■ Work instruction ■
With the pictures left out, write out the records verbatim.

── Provided data ──

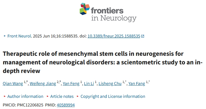 [1]Wang Q, Jiang W, Feng Y, Li L, Chu L, Fang Y. Therapeutic role of mesenchymal stem cells in neurogenesis for management of neurological disorders: a scientometric study to an in-depth review.Front Neurol.2025Jun16;16:1588535.doi: 10.3389/fneur.2025.1588535. PMID: 40589994; PMCID: PMC12206825.
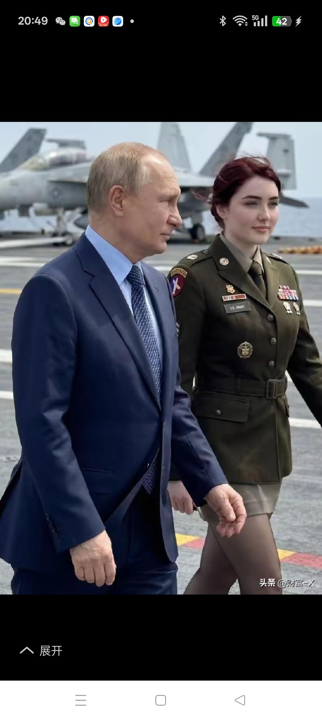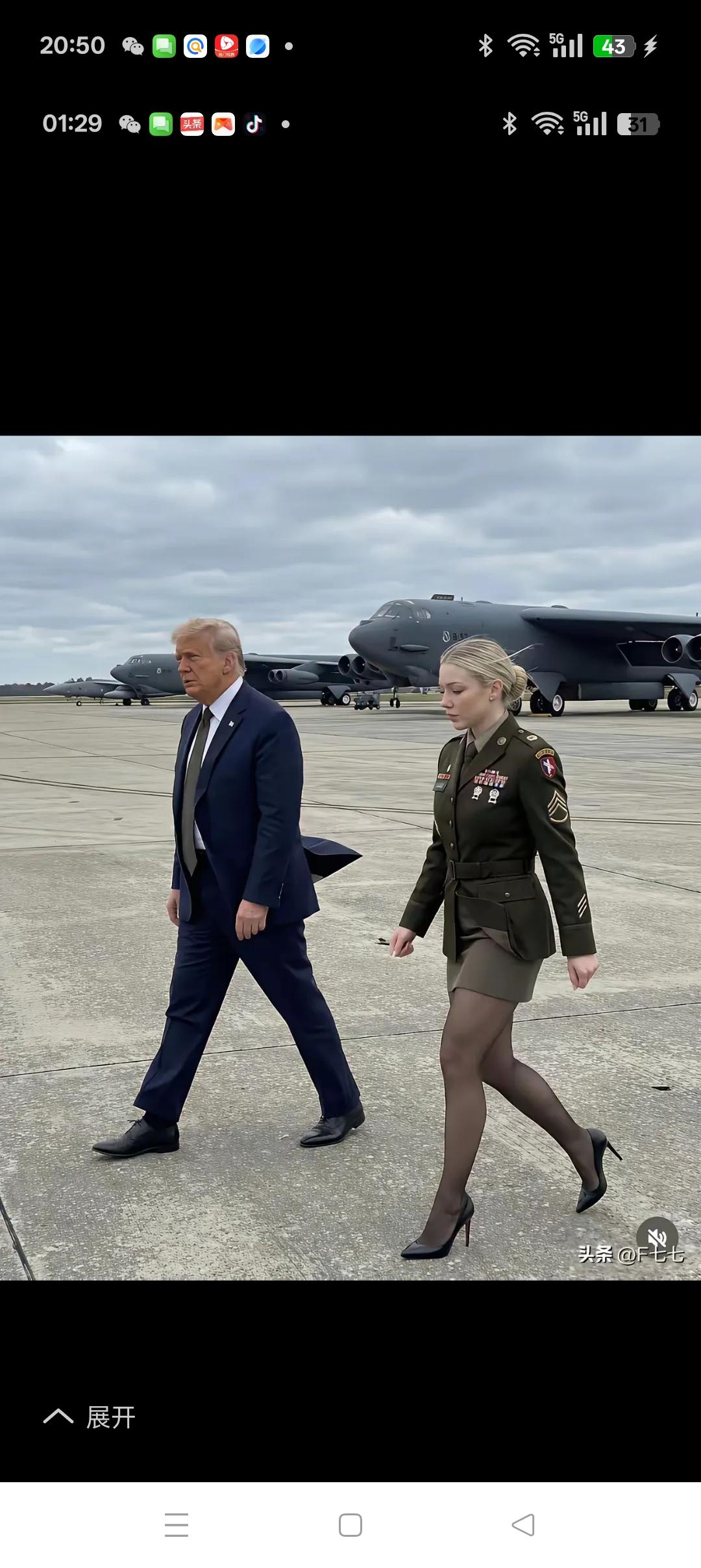 趣味相投的“双普” 特朗普与普金被人戏称“双普”,不仅英雄相惜,而且趣味相投,瞧,在空军基地视察时,身边都有颜值身材出众的女军官相伴,连走姿都很相似,只是拍摄角度不同而已,真是殊途同归的一对“活宝”。
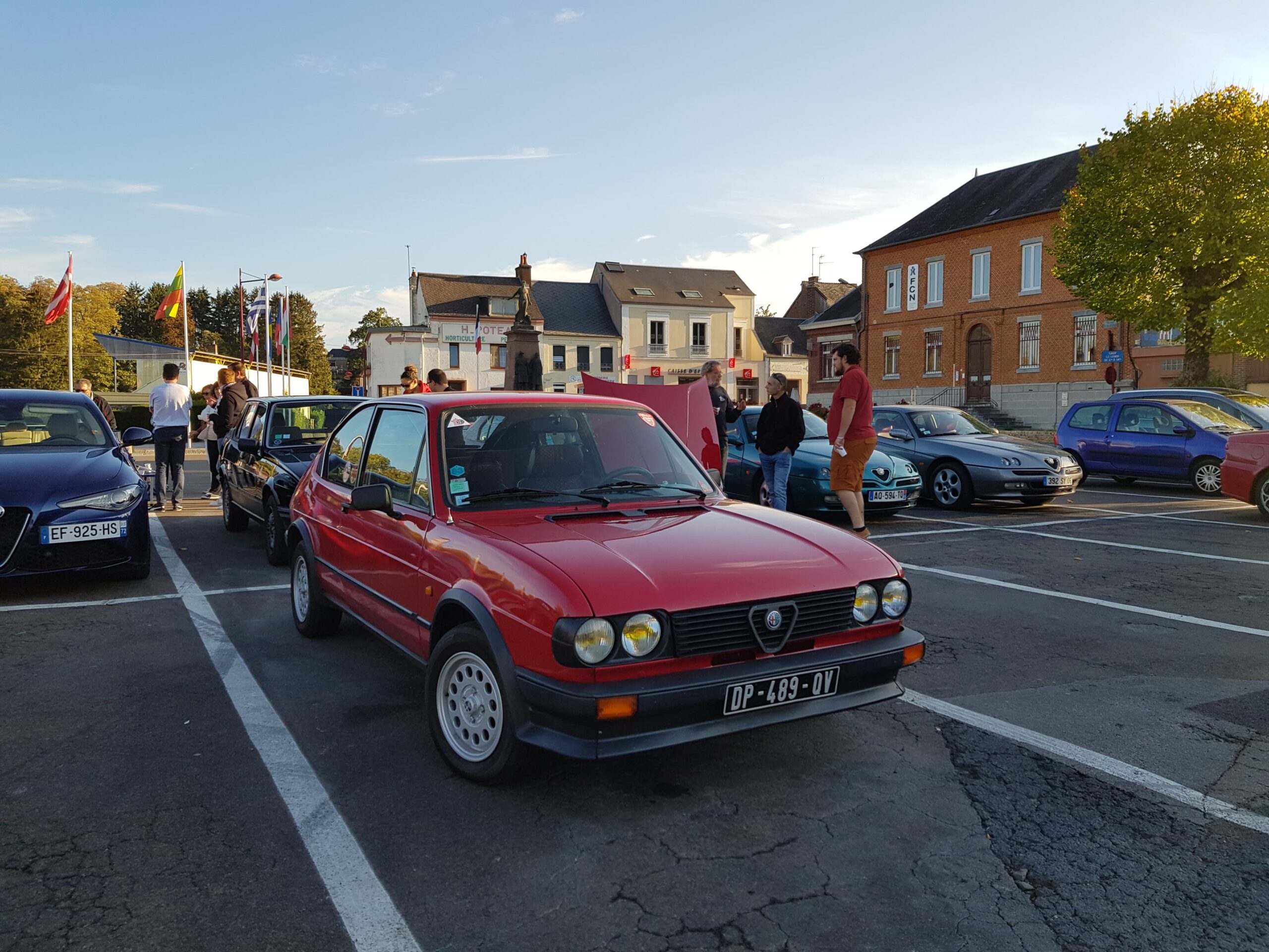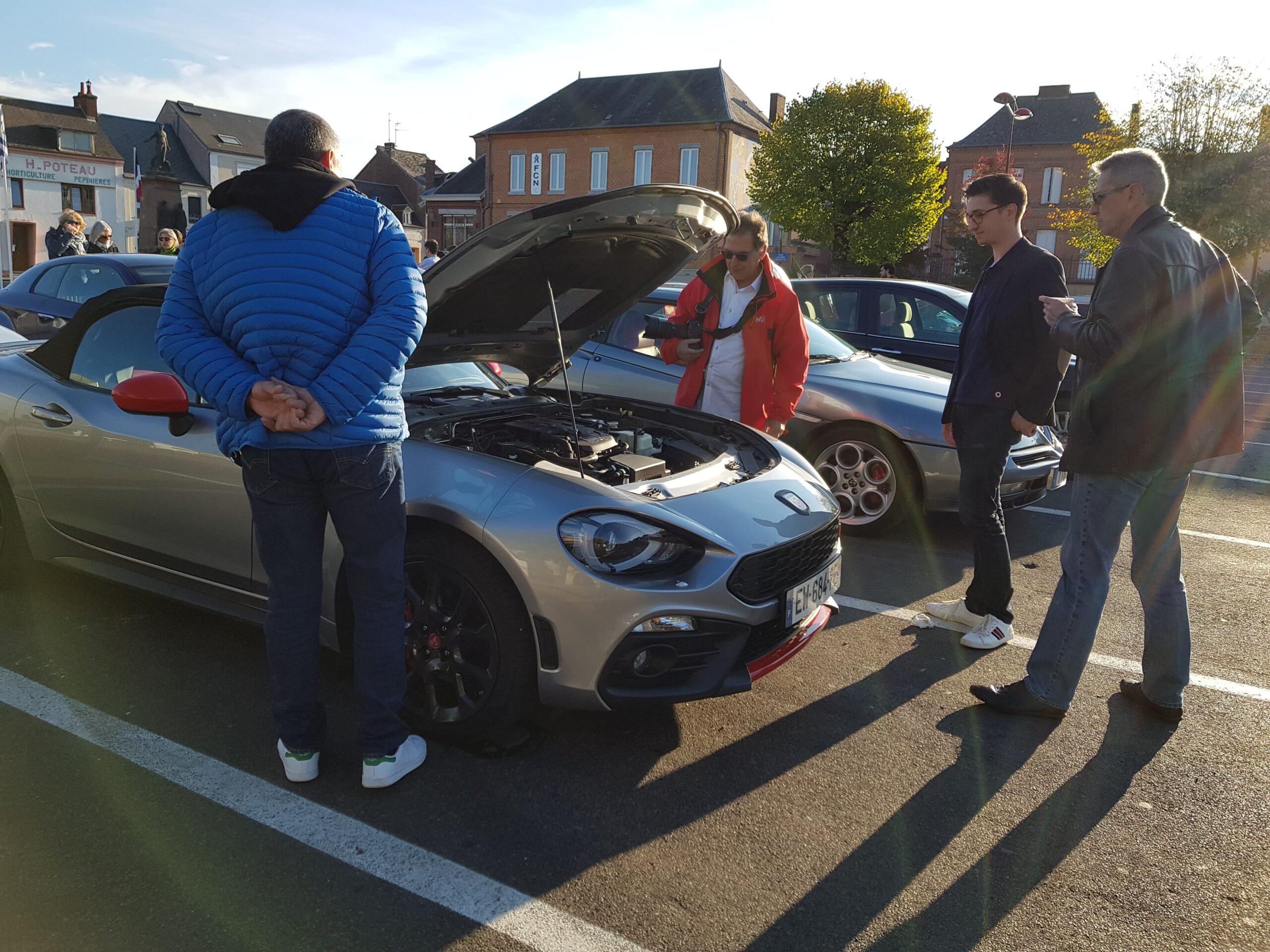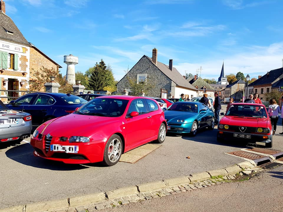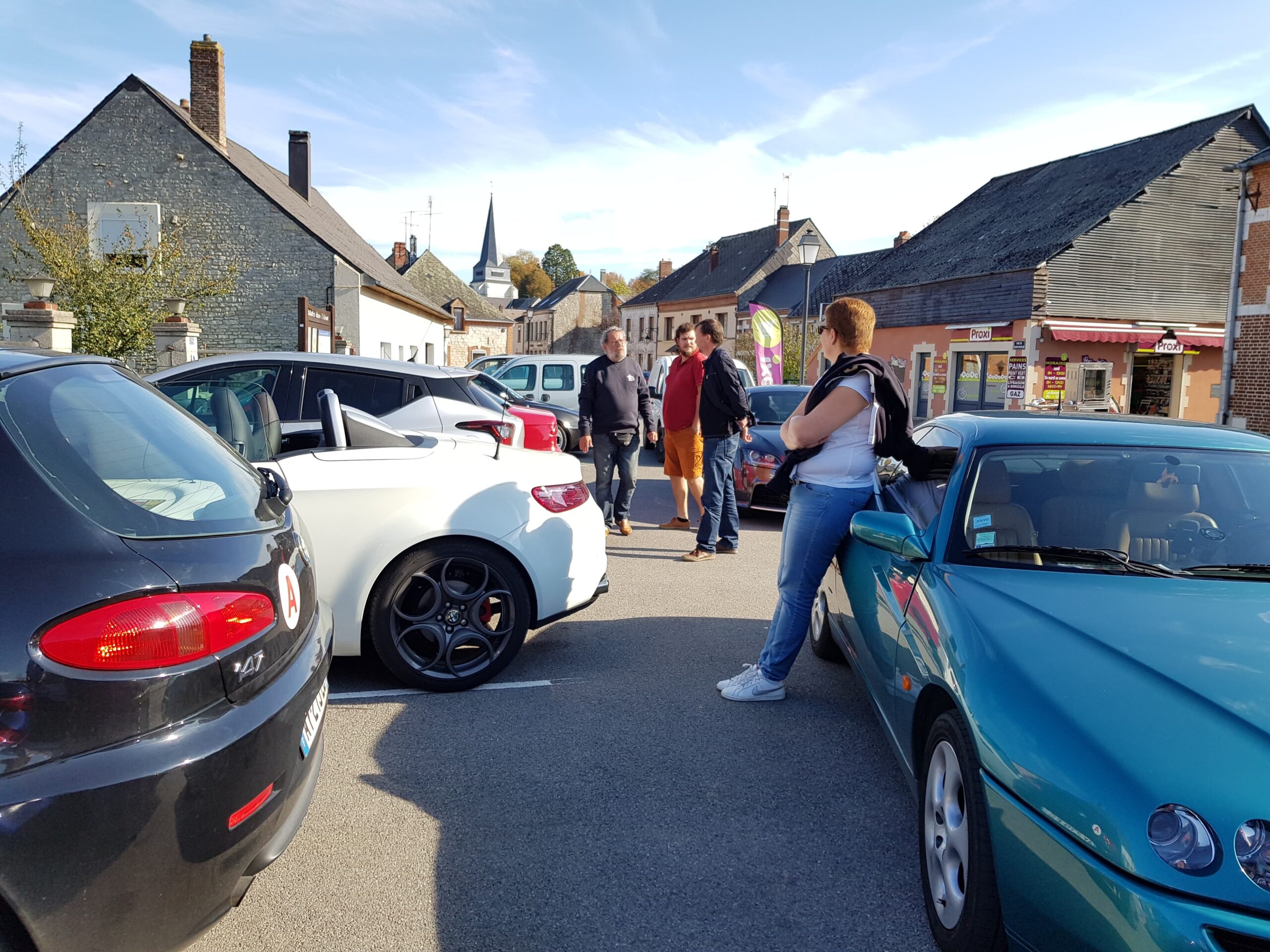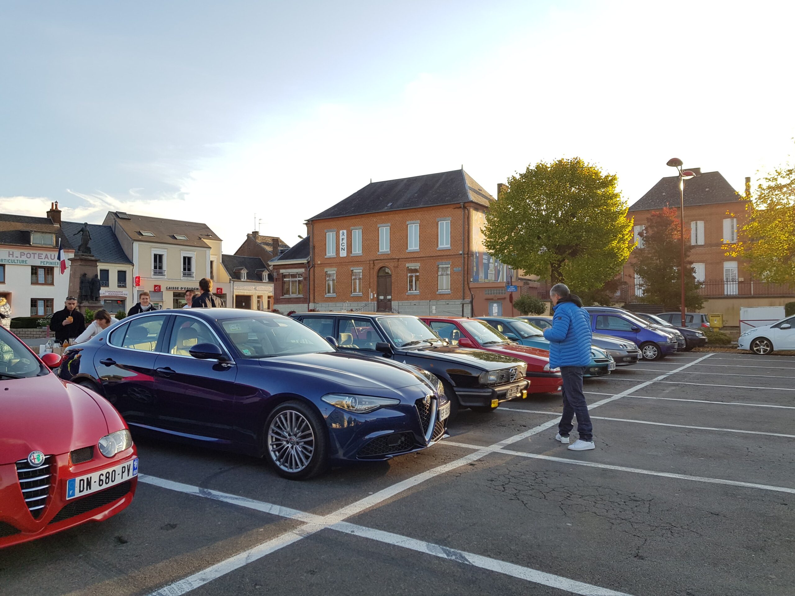 9h00, place Victor Hugo à Hirson : les Alfa arrivent les unes après les autres, à une belle exception près : un spider 124 Abarth fait partie de l’édition cette année. Les belles cousines italiennes sont les bienvenues lors du rallye de Picardie. Je regrette d’ailleurs que Denis n’ait pas pu venir avec son A112 Abarth (caprice mécanique…).
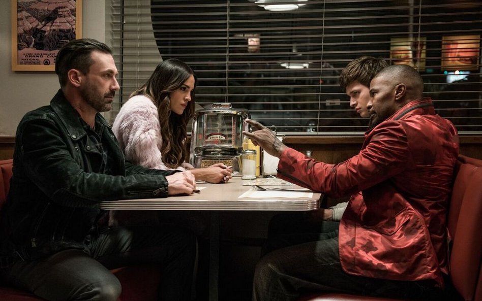 Dostajemy jednak i wzruszającą opowieść o rodzicach chłopaka, którzy zginęli w wypadku samochodowym. On też jechał z nimi, ale przeżył. Pozostała mu trauma i blizny na twarzy. A także permanentny uraz głowy i szum w uszach, który próbuje zagłuszać muzyką, stąd nieodłączne słuchawki. Pojawia się też piękna kelnerka (Lily James), z którą snuje marzenia, by ruszyć autostradą w głąb Ameryki.
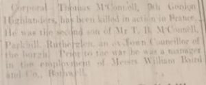 Newspaper transcript – Corporal Thomas McConnell, 9th Gordon Highlanders, has been killed in action in France. He was the second son of Mr T. B. McConnell, Parkill, Rutherglen, an ex Town Councillor of the burgh. Prior to the war he was a manager in the employment of Messrs William Baird and Co., Bothwell.
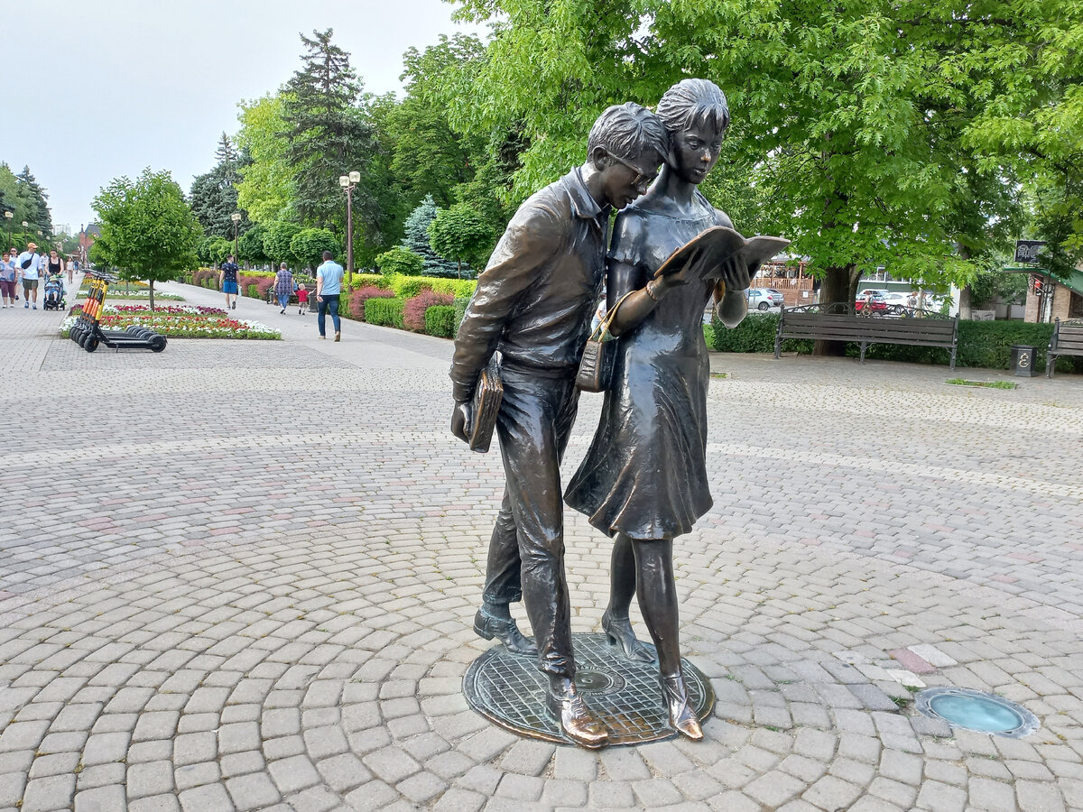 Владелец кинотеатра "Кристалл" в 2010 году стал инициатором установки этой скульптурной группы в память о советском кинематографе.
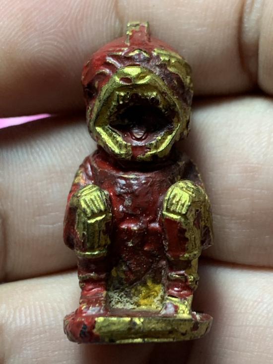 หนุมานไม้แกะทาชาดแดงทองเก่าๆ ไม่ทราบที่ครับ |
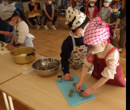 3歳児もも組は、型抜き器を使って、こんにゃくを型抜きしました。「つめた~い」「ぷるんぷるんで気持ちいいね」・・・無理なく安心して調理の経験をみんなでしながら、さくら組での包丁を使った調理に一歩ずつ近づきます。

───

■ Answer to this task ■
 [1]Wang Q, Jiang W, Feng Y, Li L, Chu L, Fang Y. Therapeutic role of mesenchymal stem cells in neurogenesis for management of neurological disorders: a scientometric study to an in-depth review.Front Neurol.2025Jun16;16:1588535.doi: 10.3389/fneur.2025.1588535. PMID: 40589994; PMCID: PMC12206825.
 趣味相投的“双普” 特朗普与普金被人戏称“双普”,不仅英雄相惜,而且趣味相投,瞧,在空军基地视察时,身边都有颜值身材出众的女军官相伴,连走姿都很相似,只是拍摄角度不同而已,真是殊途同归的一对“活宝”。
 9h00, place Victor Hugo à Hirson : les Alfa arrivent les unes après les autres, à une belle exception près : un spider 124 Abarth fait partie de l’édition cette année. Les belles cousines italiennes sont les bienvenues lors du rallye de Picardie. Je regrette d’ailleurs que Denis n’ait pas pu venir avec son A112 Abarth (caprice mécanique…).
 Dostajemy jednak i wzruszającą opowieść o rodzicach chłopaka, którzy zginęli w wypadku samochodowym. On też jechał z nimi, ale przeżył. Pozostała mu trauma i blizny na twarzy. A także permanentny uraz głowy i szum w uszach, który próbuje zagłuszać muzyką, stąd nieodłączne słuchawki. Pojawia się też piękna kelnerka (Lily James), z którą snuje marzenia, by ruszyć autostradą w głąb Ameryki.
 Newspaper transcript – Corporal Thomas McConnell, 9th Gordon Highlanders, has been killed in action in France. He was the second son of Mr T. B. McConnell, Parkill, Rutherglen, an ex Town Councillor of the burgh. Prior to the war he was a manager in the employment of Messrs William Baird and Co., Bothwell.
 Владелец кинотеатра "Кристалл" в 2010 году стал инициатором установки этой скульптурной группы в память о советском кинематографе.
 หนุมานไม้แกะทาชาดแดงทองเก่าๆ ไม่ทราบที่ครับ |
 3歳児もも組は、型抜き器を使って、こんにゃくを型抜きしました。「つめた~い」「ぷるんぷるんで気持ちいいね」・・・無理なく安心して調理の経験をみんなでしながら、さくら組での包丁を使った調理に一歩ずつ近づきます。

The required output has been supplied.